Search code examples
pythonjsondictionaryindexingflatten

Python - How can I move a nested json dictionary up to its own index?


I have a json dataset where each item/index can contain 2 nested dictionaries. The problem is that one of these nested dictionaries contains all of the exact key:value pairs as its parent dictionary. To put it in other words, I have a parent "Account" and any time there are "Sub-Accounts" it places the Sub-Accounts in the nested dictionary, and they are never seen as their own standalone item/index.

Here is the sample json of one item/index. Essentially, I need the sub_accounts object to extracted and become its own index. As you can see, it contains all of the same key:value objects as the parent containins the sub_accounts.

    {
        "classification": [
            {
                "classificationId": "Cash",
                "taxonomyId": "accounting.gp"
            }
        ],
        "id": "235",
        "kind": "Real",
        "name": "Checking",
        "sub_accounts": [
            {
                "classification": [
                    {
                        "classificationId": "Cash",
                        "taxonomyId": "accounting.gp"
                    }
                ],
                "id": "236",
                "kind": "Real",
                "name": "Cash Reserve",
                "sub_accounts": []
            }
        ]
    },

I have been able to use json_normalize or even variations of .pop() to accomplish a flattening of data and I have tried to explore other flattening options, but with no luck on the specific task I am trying to accomplish.
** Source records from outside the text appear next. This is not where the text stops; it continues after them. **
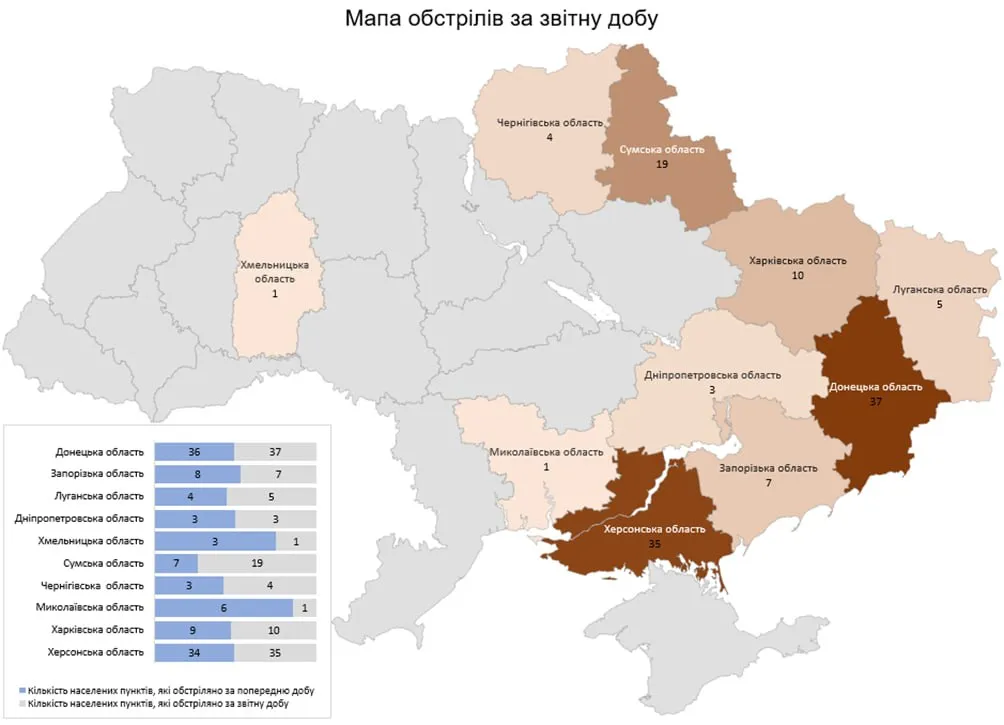 Ситуационный центр Министерства обороны Украины сообщил, что за прошедшие сутки российские войска обстреляли территорию десяти областей Украины. Били из разных видов вооружения – гранатометы, минометы, танки, артиллерия, РСЗО, ЗРК, ОТРК, БПЛА и тактическая авиация. В общей сложности россияне атаковали 122 населенных пункта и 74 объекта инфраструктуры.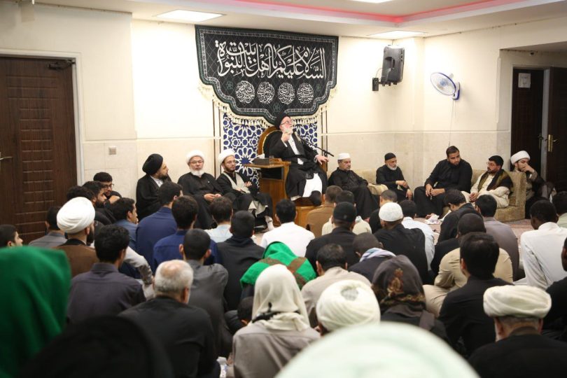 وحضر المجلس ثلة من العلماء والفضلاء وأساتذة الحوزة العلمية، حيث ارتقى المنبر سماحة السيد عدنان جلوخان، وألقى كلمة مؤثرة في هذه الذكرى الحزينة.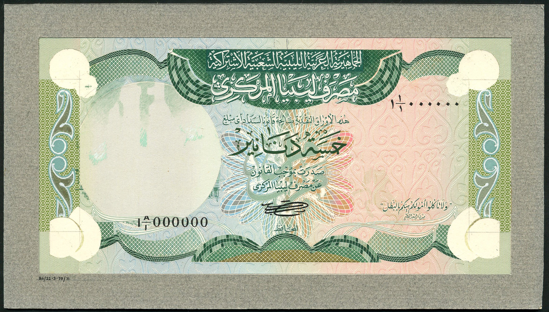 (†) Central Bank of Libya, a printers archival partial obverse and reverse composite essay on card for a proposed issue of 5 dinars, ND (1981), serial number 1 A/1 000000, green and multicoloured, signature of Kasem M.Sherlala low right centre, reverse green and pale mauve, value low left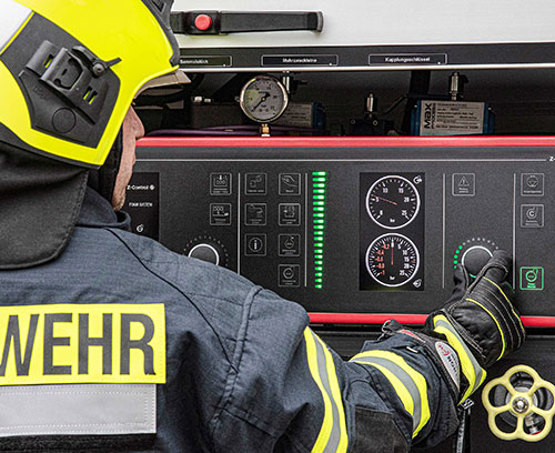 The Z-Control pump control station includes, among other things, the illuminated STAR-KNOBS from OKW. The control panel enables glove-friendly and intuitive operation, through which all discharge functions can be executed at the push of a button. In addition, Z-Control provides an overview of the work processes, the operating status, the water and foam concentrate flow rate as well as the proportioning rate. Through light color and light animation safe operation is possible: only the functions that can be activated will be visible on the interface.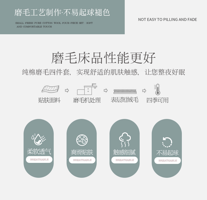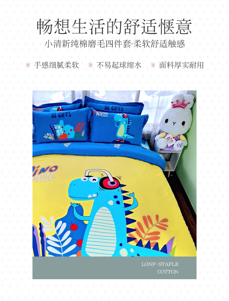 沐白家居 2023全棉大版生态磨毛四件套 音乐派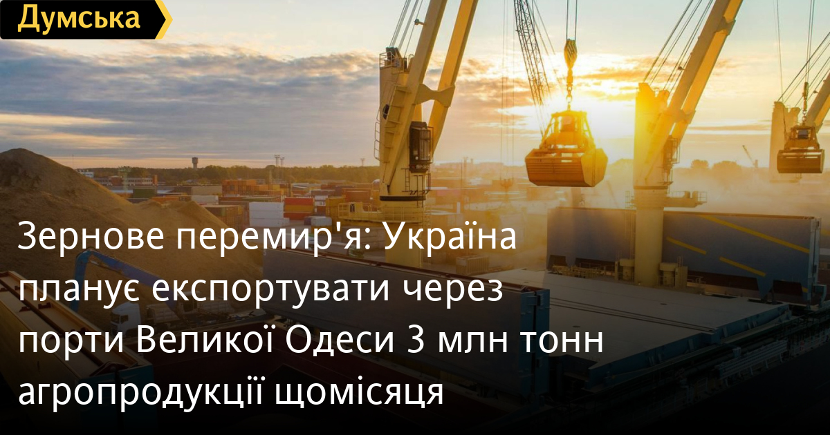 3 млн тонн різної агропродукції щомісяця планує експортувати через порти Великої Одеси (Одеса, Чорноморськ, Південний) українська влада в рамках так званого «зернового перемир'я».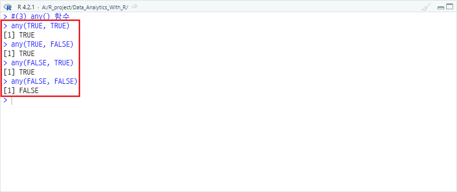 any() 함수는 벡터의 원소 중 하나라도 TRUE를 가질 경우, TRUE를 반환하는 함수입니다. 예시는 다음과 같습니다.
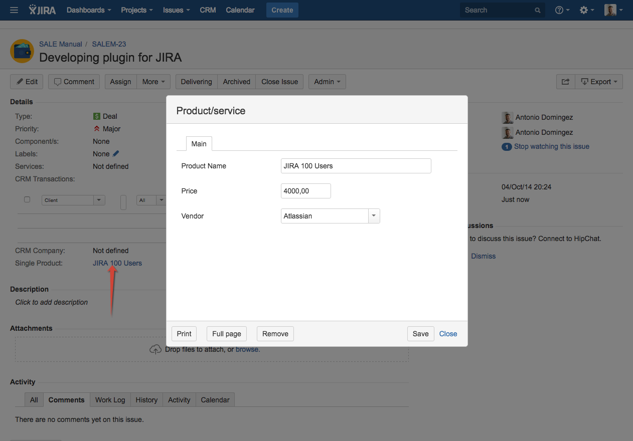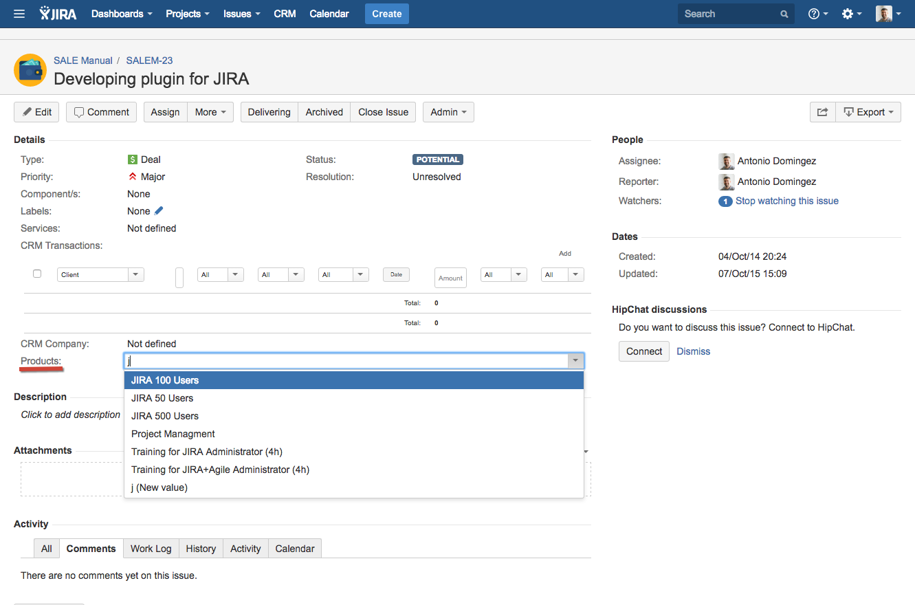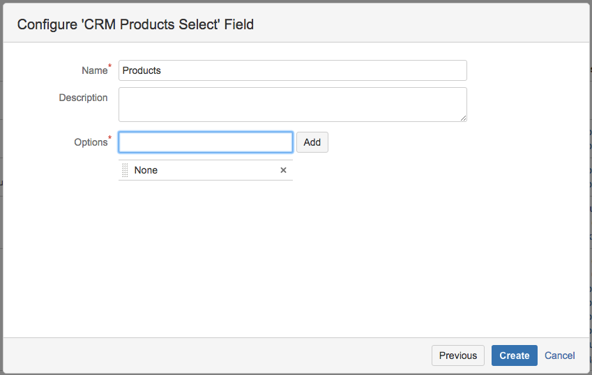 Custom field CRM Products Select allows to add one or more products from CRM Products Directory to Issue screens and to Service Desk Custom Portal. CRM Single Product Select field is the same but only one product can be selected.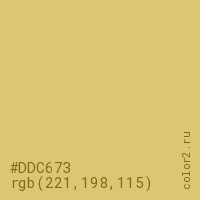 Цвет #DDC673 в цветовой модели RGB обозначается тремя октетами (221, 198, 115) в десятичном формате и #DDC673 в шестнадцатиричном (hex) формате, которые являются интенсивностью красного 221 (hex DD), интенсивность зелёного 198 (hex C6) и интенсивность синего 115 (hex 73).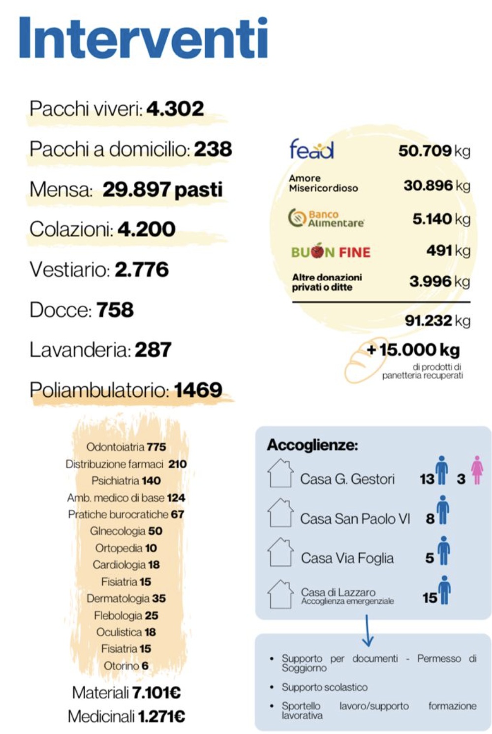 La Caritas, ogni giorno, fornisce centinaia di pasti, assistenza sanitaria, pacchi viveri, e accoglie persone vulnerabili in uno spazio che diventa essenziale per chi vive ai margini della società.
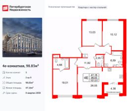Уникальная, функциональная европланировка, большая кухня-гостиная 26.55 м², просторная прихожая 11.82 м². Общая площадь квартиры - 98.83 м², жилая 47.16 м², высота потолка 3 м.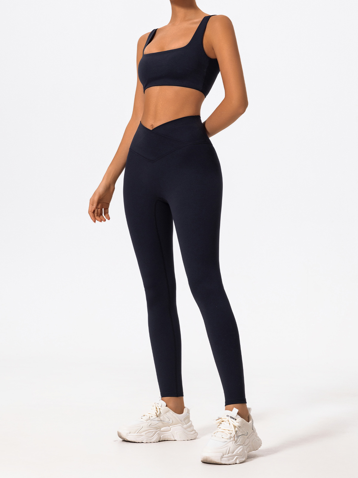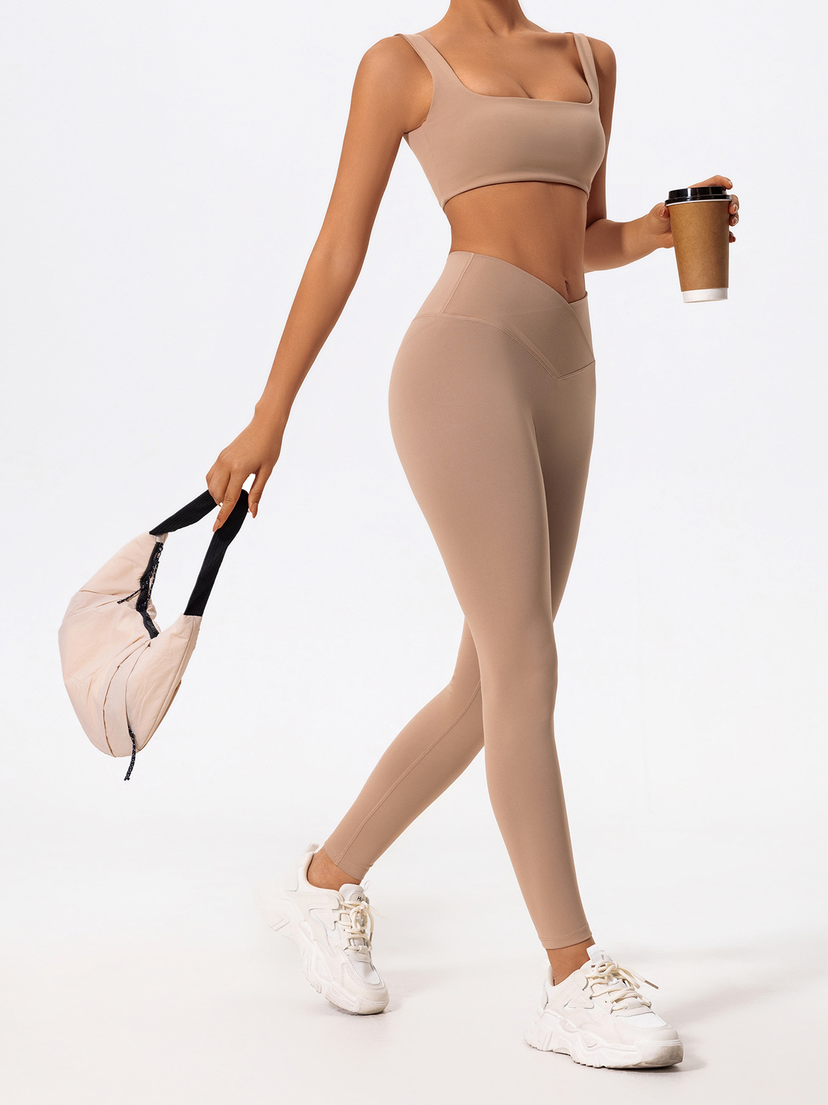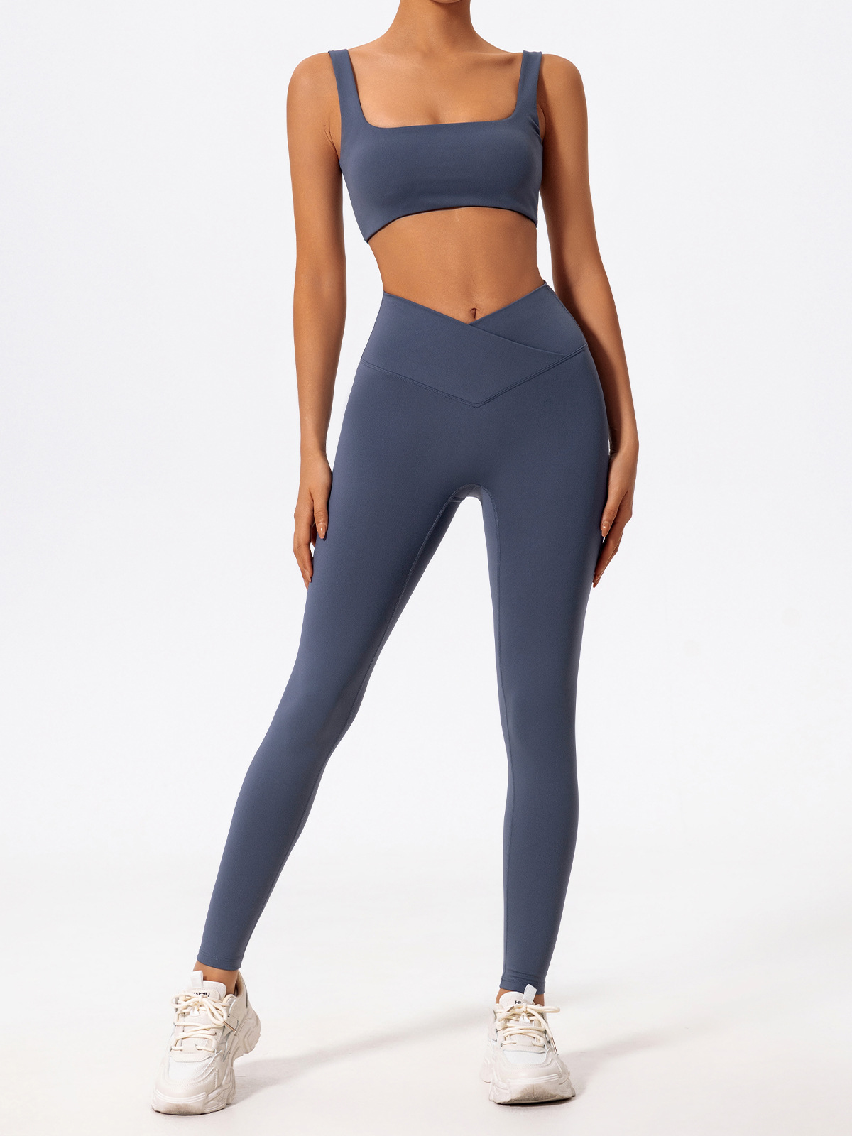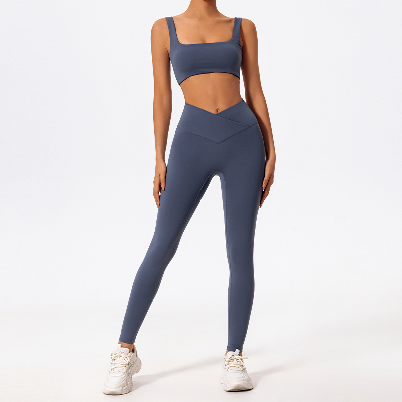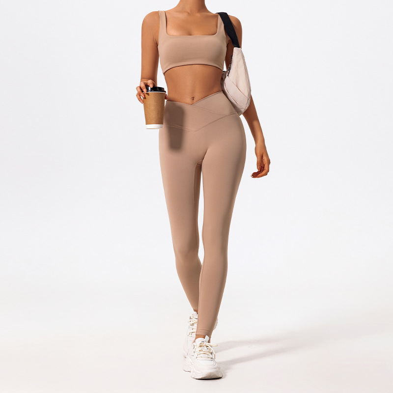 Xijia의 새로운 크로스 보더 시원한 엉덩이 리프팅 스포츠 요가 바지 하이 웨이스트 엉덩이 리프팅 타이트한 아름다운 등 요가 의류 세트

Those solutions usually just result with the subaccounts still be associated to the original index.


Solution

  • I don't have a generic answer, but this seems to do what you need:

    raw_data = """                                                                                                                                                                                 
    [                                                                                                                                                                                              
        {                                                                                                                                                                                          
            "classification": [                                                                                                                                                                    
                {                                                                                                                                                                                  
                    "classificationId": "Cash",                                                                                                                                                    
                    "taxonomyId": "accounting.gp"                                                                                                                                                  
                }                                                                                                                                                                                  
            ],                                                                                                                                                                                     
            "id": "235",                                                                                                                                                                           
            "kind": "Real",                                                                                                                                                                        
            "name": "Checking",                                                                                                                                                                    
            "sub_accounts": [                                                                                                                                                                      
                {                                                                                                                                                                                  
                    "classification": [                                                                                                                                                            
                        {                                                                                                                                                                          
                            "classificationId": "Cash",                                                                                                                                            
                            "taxonomyId": "accounting.gp"                                                                                                                                          
                        }                                                                                                                                                                          
                    ],                                                                                                                                                                             
                    "id": "236",                                                                                                                                                                   
                    "kind": "Real",                                                                                                                                                                
                    "name": "Cash Reserve",                                                                                                                                                        
                    "sub_accounts": []                                                                                                                                                             
                }                                                                                                                                                                                  
            ]                                                                                                                                                                                      
        }                                                                                                                                                                                          
    ]                                                                                                                                                                                              
    """                                                                                                                                                                                            
                                                                                                                                                                                                   
    import json                                                                                                                                                                                    
    jdict = json.loads(raw_data)                                                                                                                                                                   
                                                                                                                                                                                                   
    empty_list = list()                                                                                                                                                                            
    result     = list()                                                                                                                                                                            
    for elem in jdict:                                                                                                                                                                             
        sub_elem_list = elem['sub_accounts']                                                                                                                                                       
        elem['sub_accounts'] = empty_list                                                                                                                                                          
        result.append(elem)                                                                                                                                                                        
        for sub_elem in sub_elem_list:                                                                                                                                                             
            result.append(sub_elem)                                                                                                                                                                
                                                                                                                                                                                                   
    print(json.dumps(result, indent=4)) 
    
    output = """
    [
        {
            "classification": [
                {
                    "classificationId": "Cash",
                    "taxonomyId": "accounting.gp"
                }
            ],
            "id": "235",
            "kind": "Real",
            "name": "Checking",
            "sub_accounts": []
        },
        {
            "classification": [
                {
                    "classificationId": "Cash",
                    "taxonomyId": "accounting.gp"
                }
            ],
            "id": "236",
            "kind": "Real",
            "name": "Cash Reserve",
            "sub_accounts": []
        }
    ]
    
    """
    

    When you have nested structures you need to nest your loops. The other answer has recursion, which can cause problems if you're nesting over a thousand recursive calls (so probably not this case). I also assumed that you care about order, preferring the parent's id to be first. Also, if you're trying to get rid of the sub_accounts from the json, then you'd want to pop it from the records, but I again assume that the structure should be maintained.